Philosopher Michael Ruse comes across as a windbag simply assuming that his opponents are cross-dressers and that denying global warming is identical to denying evolution.

Law Professor Mike McConnell [at 20 minutes] comes across as uncommonly sane and a throwback to an earlier time when the idea that exposing all sides of discussion to a public airing was a way to get at the truth, and that if fundamentalists were Navajos, then Liberals would treat them better.



At 50 minutes, McConnell actually makes the argument for welcoming creation arguments in with the confidence that the right side will win.

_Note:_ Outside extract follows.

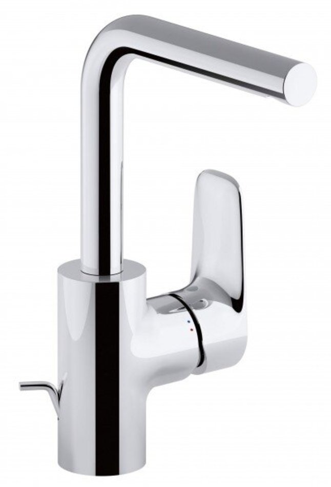Однорычажный смеситель для раковины с высоким поворотным изливом и картриджем С3 (смещенный центр выпуска воды).

My 10th Grade Biology allowed a debate on Evolution v. Creation. I took the Evolution side and mopped the floor with the other side and ended for myself and many others the Creation argument by actually dealing with those arguments!!!

What a crazy idea!

That approach, incidentally, was considered to be the essence of the First Amendment when I was in law school, and was part of the Supreme Court's remedy that "more speech" not less speech was the answer.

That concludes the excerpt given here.